◆ What this task involves ◆
Which lines of the data below contain "Marine"? Please show them all.

◆ Input data ◆
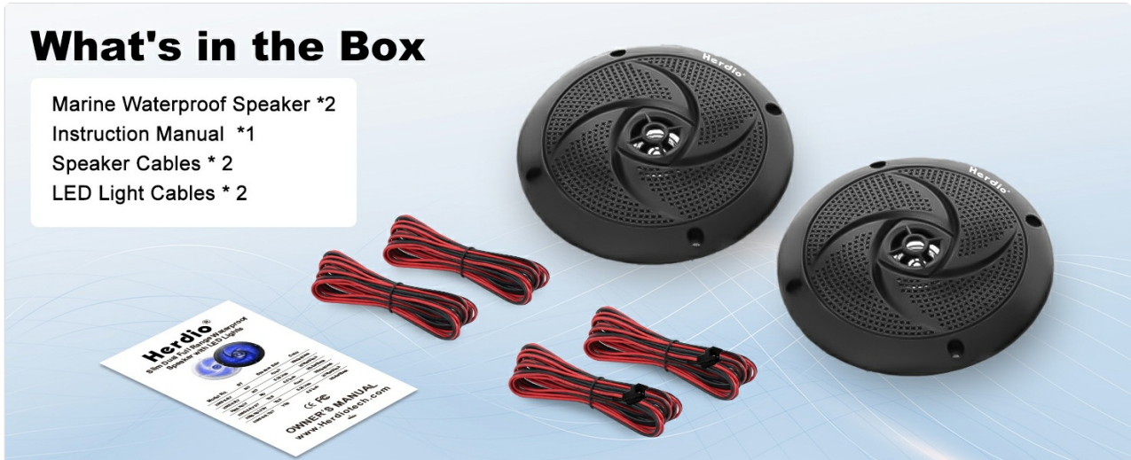
Figure 3.1: Included components in the Herdio Marine Speaker package.

Marine Waterproof Speaker *2 Instruction Manual *1 Speaker Cables * 2 LED Light Cables * 2
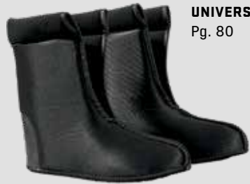
UNIVERSAL LINER Pg. 80
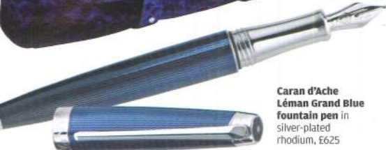
Caran d'Ache Léman Grand Blue fountain pen in silver-plated rhodium, £625
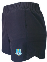
sport shorts (with inner)
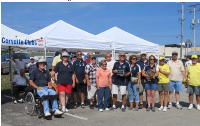
CCCC won the award for the most Corvettes entered at Corvette Crossroads.
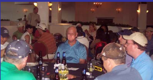
Relaxing after a hard day of golf & laser tag

Please see our Chapter Website for additional information:
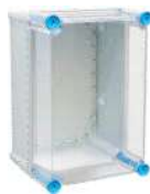
HEAVY 2819 17T

◆ Result of this exercise ◆
Figure 3.1: Included components in the Herdio Marine Speaker package.
Marine Waterproof Speaker *2 Instruction Manual *1 Speaker Cables * 2 LED Light Cables * 2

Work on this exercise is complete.